On 23 August 1995, the temple grounds were visited by King Carl XVI Gustaf and Queen Silvia as part of a modern Eriksgata, a royal tour based on a 13th century tradition. Church members, missionaries, Boy Scouts and Young Women lined the walkway, singing and waving flags, as Thomas S. Monson and local church leaders led the royal couple around the site. During the visit, Monson presented gifts to the king and queen, including a family history to Queen Silvia. He also commented on the love of scouting that both him and the king shared, with the two being prior recipients of the Bronze Wolf Award. A plaque on the temple grounds commemorates this event.

===2020s replacement===
In September 2022, the church announced the temple would close the following year to allow for extensive renovations and reconstruction, which would nearly double the temple's square footage. Temple operations shut down beginning 26 March 2023.
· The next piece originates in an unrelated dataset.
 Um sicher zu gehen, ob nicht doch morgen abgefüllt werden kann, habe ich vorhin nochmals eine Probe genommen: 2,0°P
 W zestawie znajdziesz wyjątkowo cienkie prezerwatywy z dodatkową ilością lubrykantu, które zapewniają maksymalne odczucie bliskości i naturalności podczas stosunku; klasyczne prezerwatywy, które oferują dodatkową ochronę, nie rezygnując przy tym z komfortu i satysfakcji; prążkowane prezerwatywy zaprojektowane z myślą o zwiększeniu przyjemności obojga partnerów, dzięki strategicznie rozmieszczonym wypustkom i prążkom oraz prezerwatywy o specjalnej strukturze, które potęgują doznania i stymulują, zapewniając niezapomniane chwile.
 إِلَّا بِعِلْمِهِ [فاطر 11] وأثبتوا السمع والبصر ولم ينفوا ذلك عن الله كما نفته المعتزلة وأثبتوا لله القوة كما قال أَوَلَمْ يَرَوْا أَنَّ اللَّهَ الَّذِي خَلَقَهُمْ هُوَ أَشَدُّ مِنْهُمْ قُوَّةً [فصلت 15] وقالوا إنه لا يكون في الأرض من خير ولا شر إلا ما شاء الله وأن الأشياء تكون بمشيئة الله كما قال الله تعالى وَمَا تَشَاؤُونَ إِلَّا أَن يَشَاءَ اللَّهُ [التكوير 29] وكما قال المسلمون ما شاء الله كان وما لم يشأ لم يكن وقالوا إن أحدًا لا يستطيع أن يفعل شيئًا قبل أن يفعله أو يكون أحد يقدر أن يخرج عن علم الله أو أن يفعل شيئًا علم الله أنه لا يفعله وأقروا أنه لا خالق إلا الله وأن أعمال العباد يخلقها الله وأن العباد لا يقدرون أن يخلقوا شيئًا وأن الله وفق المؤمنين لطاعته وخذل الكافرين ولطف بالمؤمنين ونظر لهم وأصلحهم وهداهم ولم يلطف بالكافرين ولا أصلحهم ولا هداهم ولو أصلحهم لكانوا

While preparing to renovate the temple, the church discovered several issues with the structure that could not be repaired, most notably, its foundation was not constructed below the frost line and heaving over the decades had caused cracking. This resulted in replacing, rather than simply renovating the building. Demolition of the original temple began in earnest in January 2024.
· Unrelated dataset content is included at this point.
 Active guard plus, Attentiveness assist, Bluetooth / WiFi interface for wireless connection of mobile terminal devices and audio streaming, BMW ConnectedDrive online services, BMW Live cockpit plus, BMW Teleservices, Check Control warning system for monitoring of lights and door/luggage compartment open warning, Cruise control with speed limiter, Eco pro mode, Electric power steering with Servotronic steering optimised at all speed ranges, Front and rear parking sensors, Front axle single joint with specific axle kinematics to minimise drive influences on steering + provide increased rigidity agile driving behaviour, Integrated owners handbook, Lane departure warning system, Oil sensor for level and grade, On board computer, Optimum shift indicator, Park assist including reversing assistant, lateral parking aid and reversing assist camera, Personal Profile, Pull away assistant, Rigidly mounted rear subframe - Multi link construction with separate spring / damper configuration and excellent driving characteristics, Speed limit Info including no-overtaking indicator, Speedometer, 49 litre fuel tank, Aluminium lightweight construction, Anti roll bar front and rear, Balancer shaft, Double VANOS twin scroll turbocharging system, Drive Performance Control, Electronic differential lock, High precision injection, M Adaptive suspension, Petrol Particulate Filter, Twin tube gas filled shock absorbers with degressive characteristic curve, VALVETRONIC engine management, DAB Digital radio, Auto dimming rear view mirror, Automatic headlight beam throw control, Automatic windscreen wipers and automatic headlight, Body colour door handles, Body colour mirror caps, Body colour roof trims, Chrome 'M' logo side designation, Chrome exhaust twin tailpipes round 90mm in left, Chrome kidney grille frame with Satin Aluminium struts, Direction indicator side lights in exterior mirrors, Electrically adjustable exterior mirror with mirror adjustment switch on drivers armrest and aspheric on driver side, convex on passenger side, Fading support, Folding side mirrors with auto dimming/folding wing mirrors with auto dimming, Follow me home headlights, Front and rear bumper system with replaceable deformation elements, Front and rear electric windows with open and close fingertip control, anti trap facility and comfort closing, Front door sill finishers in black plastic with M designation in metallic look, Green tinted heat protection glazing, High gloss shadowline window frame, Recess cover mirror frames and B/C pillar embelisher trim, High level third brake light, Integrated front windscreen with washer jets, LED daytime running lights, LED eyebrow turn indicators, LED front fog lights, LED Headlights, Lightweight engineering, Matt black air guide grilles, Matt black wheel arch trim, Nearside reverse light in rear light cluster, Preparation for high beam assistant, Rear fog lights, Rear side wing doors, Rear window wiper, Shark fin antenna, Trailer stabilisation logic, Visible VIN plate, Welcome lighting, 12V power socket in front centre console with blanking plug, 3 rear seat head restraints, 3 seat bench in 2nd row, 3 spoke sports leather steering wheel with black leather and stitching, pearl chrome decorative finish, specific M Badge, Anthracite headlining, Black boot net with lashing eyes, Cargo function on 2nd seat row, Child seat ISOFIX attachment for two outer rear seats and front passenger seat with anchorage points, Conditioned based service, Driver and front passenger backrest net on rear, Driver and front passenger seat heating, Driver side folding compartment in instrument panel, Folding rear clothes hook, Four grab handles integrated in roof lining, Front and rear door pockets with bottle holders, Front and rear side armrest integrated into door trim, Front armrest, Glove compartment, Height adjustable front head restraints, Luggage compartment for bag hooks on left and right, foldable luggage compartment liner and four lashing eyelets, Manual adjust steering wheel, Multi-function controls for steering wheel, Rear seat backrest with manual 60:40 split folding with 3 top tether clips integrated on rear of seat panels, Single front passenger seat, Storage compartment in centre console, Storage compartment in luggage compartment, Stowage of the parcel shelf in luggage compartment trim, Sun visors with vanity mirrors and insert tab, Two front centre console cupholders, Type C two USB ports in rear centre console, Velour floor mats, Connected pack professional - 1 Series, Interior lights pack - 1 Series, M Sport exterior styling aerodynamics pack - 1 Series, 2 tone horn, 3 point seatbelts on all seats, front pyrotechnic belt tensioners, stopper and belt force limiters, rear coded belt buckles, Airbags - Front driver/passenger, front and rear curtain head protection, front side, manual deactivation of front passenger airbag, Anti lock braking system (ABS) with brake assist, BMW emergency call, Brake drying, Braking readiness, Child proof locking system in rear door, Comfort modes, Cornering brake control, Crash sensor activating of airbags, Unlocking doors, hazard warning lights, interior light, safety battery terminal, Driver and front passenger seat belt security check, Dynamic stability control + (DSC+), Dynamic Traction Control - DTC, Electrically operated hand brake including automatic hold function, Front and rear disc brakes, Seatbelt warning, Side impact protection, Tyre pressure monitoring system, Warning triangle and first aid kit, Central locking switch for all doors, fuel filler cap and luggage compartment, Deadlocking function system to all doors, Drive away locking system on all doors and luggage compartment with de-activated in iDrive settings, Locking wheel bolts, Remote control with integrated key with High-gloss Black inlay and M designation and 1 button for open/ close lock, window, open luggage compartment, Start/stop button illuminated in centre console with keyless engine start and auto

==Design and architecture==
The original temple was designed by Swedish architect John Sjöström, in collaboration with the church's architectural department, who worked to harmonize its exterior with the historic architecture of the area. The structure included an adaptation of the church's six-spire design, with the tallest spire rising to 112 ft and featuring a gold-leafed angel Moroni statue at its top. The exterior walls were finished in masonry, with a copper roof, and a cobblestone path led to the temple's front entrance. Inside the temple's 16366 sqft were four ordinance rooms, three sealing rooms, and a baptistry.

The reconstructed temple will be of similar design, with two ordinance rooms inside. The structure will be slightly longer and wider than the original, and a basement will be included with space for mechanical and workshop areas; this will increase its size to approximately 31000 sqft.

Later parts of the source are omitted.